There was a momentous tone of friction between Lee and Gid in this book, something that hasn’t been as prominent before as it is here. These two are such a committed team, operating on the same side against whatever comes their way, and when they don’t see eye-to-eye about an intrusive visitor, it’s striking and impactful, and I was so jarred by it, I don’t mind admitting. Fortunately it was short-lived, though; Fox doesn’t serve up drama that’s extended for drama’s sake, but just enough to remind us that every couple, no matter how deeply in love they are, has issues to work through. The things these men are working through have farther reaching implications than most, however, and their bond is as strong as ever.
There’s a bit of the Big Bad Wolf afoot in Gideon’s becoming…whatever destiny he is meant to fulfill, and Lee once again gets to flex his extrasensory muscles in Once Upon a Western Shore. It just wouldn’t be a Tyack & Frayne mystery without something otherworldly being visited upon Lee. There is always a sense of the veil between worlds being a bit thinner in this little corner of Cornwall, the pagan rituals and ancient magick running deep, and it’s the bones of a man murdered some sixty years before that calls up a restless spirit in need of Lee’s help to find peace at last, exposing secrets along the way. There was a distinct tone of poignancy in the unraveling of this mystery, one that speaks to a less accepting time, and I appreciated the emotional implications of it.

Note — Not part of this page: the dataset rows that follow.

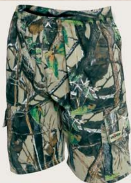
KIDS SHORTS K10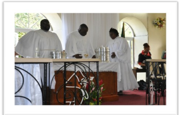
Celebration of the Lord's Supper

Fellowship around the Lord's Table was shared as more hymns such as Love Divine All loves Excelling, Here O My Lord I See Thee Face to Face, and Hark My Soul It Is the Lord were sung.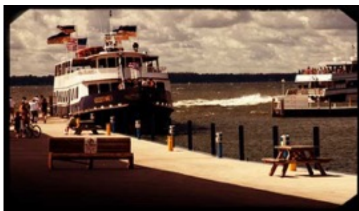
The GOODTIME I docked at Kelly's Island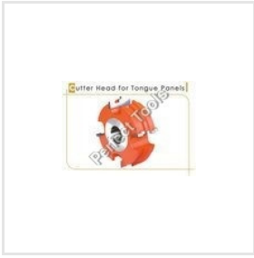
Tongue Panels Cutter Head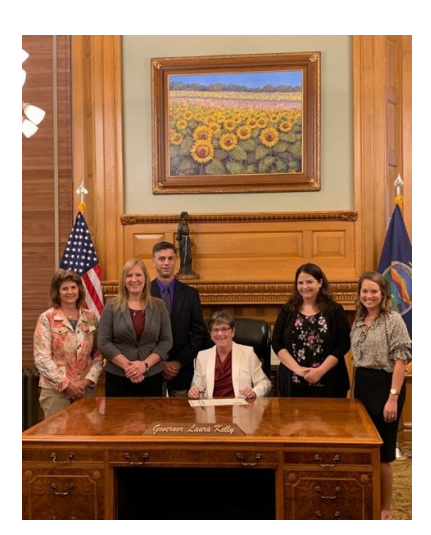
Photos have been collected from the internet. No copyright infringement is intended.

Wichita Society of Professional Engineers Kansas Society of Professional Engineers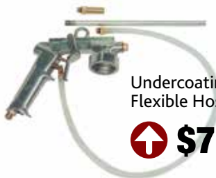
Undercoating gun with Flexible Hose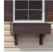
Classic Flower Box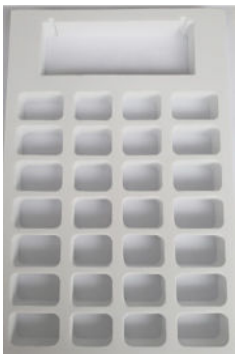
White foam platen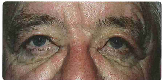
With ptosis surgery, the upper eyelid is returned to its normal position.

With ptosis surgery, the ophthalmologist strengthens the eyelid muscle by shortening it. This helps lift the droopy lid, improving vision as well as the eye's appearance.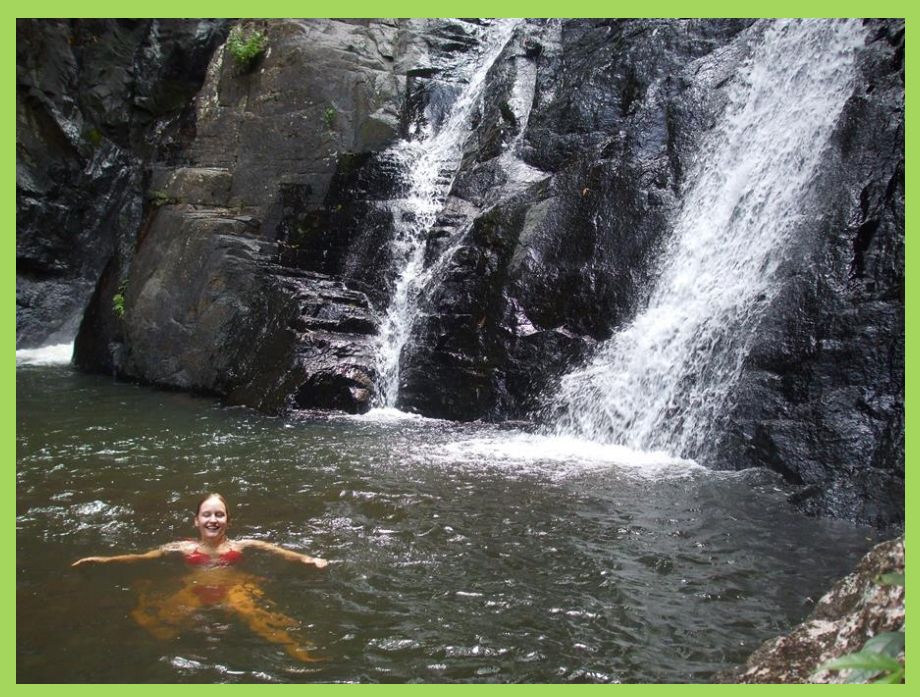
Dinner Falls in the Hypipamee National Park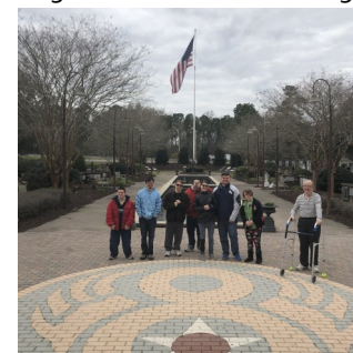
Mighty Eighth Museum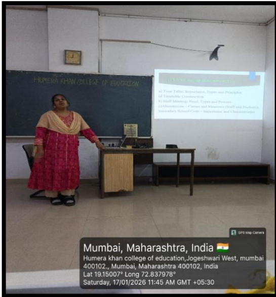
Mumbai, Maharashtra, India 🇮🇳 Humera khan college of education, Jogeshwari West, mumbai 400102, Mumbai, Maharashtra 400102, India Lat 19.15007° Long 72.837978° Saturday, 17/01/2026 11:45 AM GMT +05:30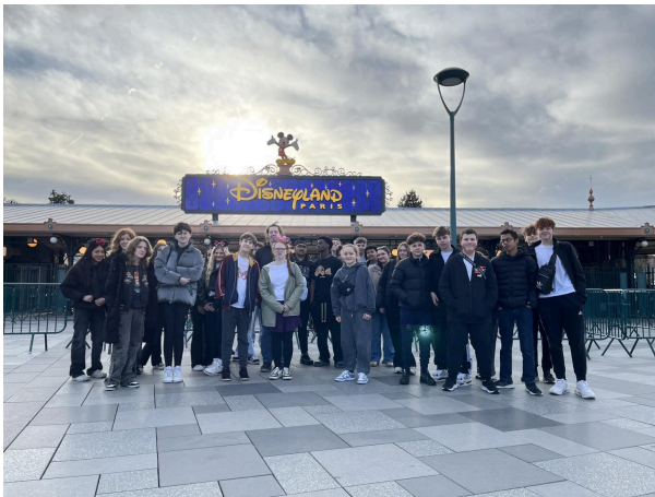
Media Disney Land Paris Residential Trip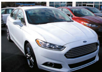
2016 Ford Fusion Titanium FWD Stock# 4489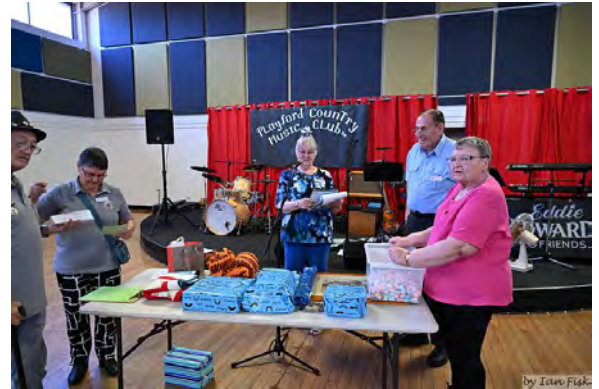
Where all the action takes place to give out the prizes.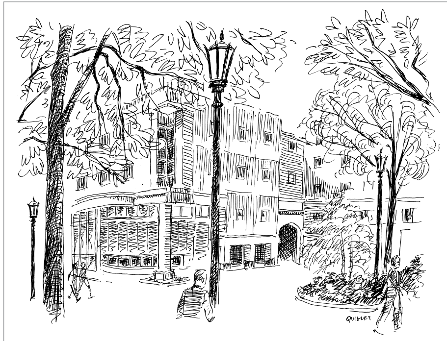
Weinberg Memorial Library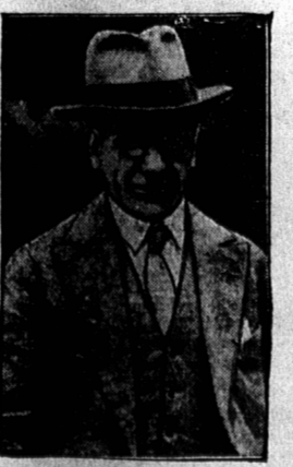
SEAN T. O'KELLY Head of the Free State delegation and Vice President of the Executive Council.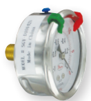
SGY back with accessory pointers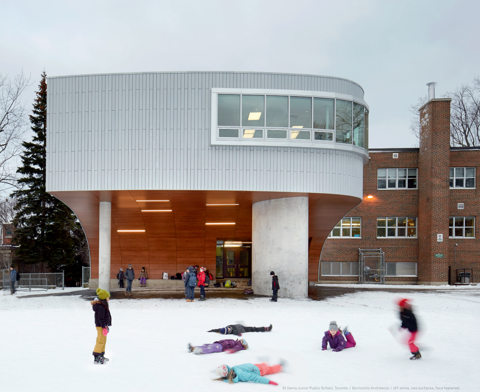
St Denis Junior Public School, Toronto | Bortolotto Architects | off-white, two surfaces, face fastened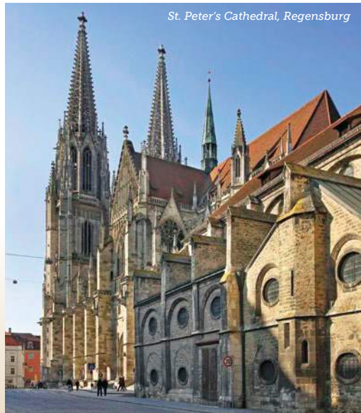
St. Peter's Cathedral, Regensburg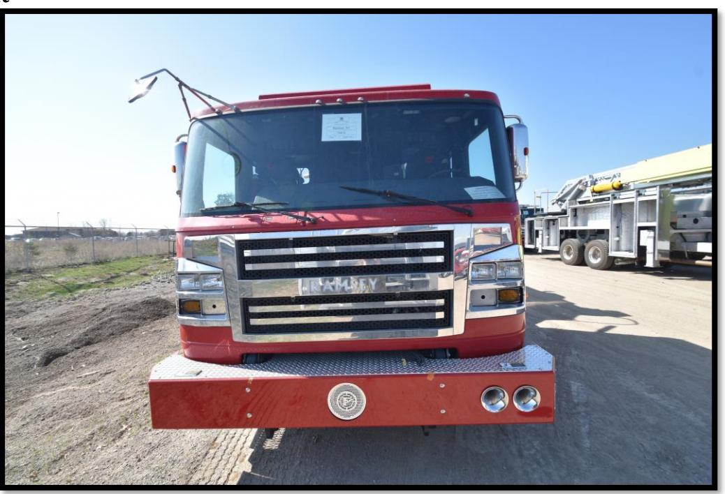
Front as of 5-3-18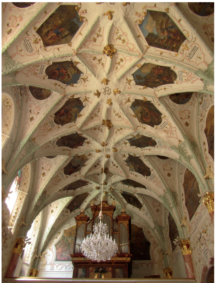
Fig. 3. The vault of the church in Máriavölgy (Marianka)

The assumption is that the church in Márianosztra is not the only Pauline church with Gothicized elements: the church of the Pauline monastery in Máriavölgy (in Slovak: Marianka) could also have mainly been built in the Baroque period. The purist reconstruction of the sanctuary around 1870 makes its evaluation difficult, but the nave still shows its form from the 18th century. The nave copies the spatial arrangement of the Jesuit Church of Nagyszombat (in Slovak: Trnava) – although this is designed with lancet windows – and is covered with a barrel-like vault with lunettes, on the surface of which the world of Gothic rib vaults is imitated by stucco braids started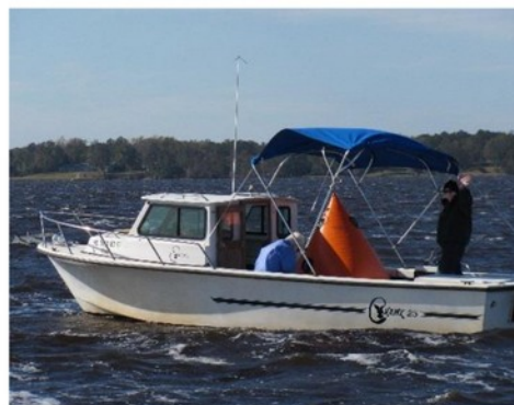
December 2016/January 2017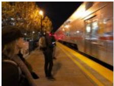
Catching the train to SFO

We're heading into Saturday night/Sunday morning right now, and a lot's gone on (nothing bad) while we've been here, but don't have the time right now to do all the updates. But I will post the same photos I've put up on FB, so you can get some idea of what the place is like. --Mike--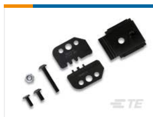
TE Part # 58495-2 PROCRIMPER DIE ASSY MULTIMATE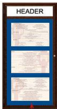
10 Different Fabric Colors to Choose From (Shown is Cobalt Accent )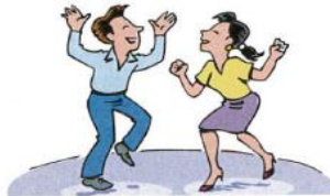
9. go dancing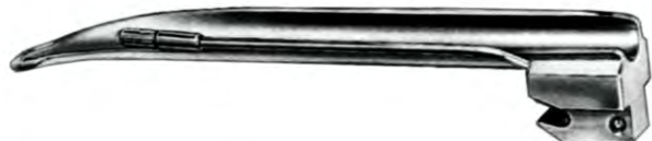
BC-20-109 Fig. 2 for adolescents para adolescentes pour adolescents

Working length largo util Longueur utile 80 mm

There are very few fictional couples I love as much as Gideon and Lee Tyack-Frayne. There are plenty of couples I love as well as I love them, but I’d be pretty hard-pressed to name a couple I love more. I would also have a difficult time naming an author who, time after time, delivers romance through such lyrical prose and, in this case, such imaginative circumstances as author Harper Fox does. The Tyack & Frayne series is one of the finest examples of speculative fiction in the LGBTQ genre, and as long as there are books to be read set in this deceptively quiet little village in Cornwall, I’ll be there to read them. It will always hold a special place in my reading lexicon.
I did miss seeing more of Zeke Frayne, Gideon’s upright, uptight but loving brother, who, remarkably, I’ve grown to adore as the series has progressed, something I wouldn’t have predicted when he was first introduced. And while this installment won’t go down as an immediate favorite—that title still belongs to Guardians of the Haunted Moor—it still opens the doorway to a whole new avenue of mystical occurrences yet to come. One I can’t wait to explore.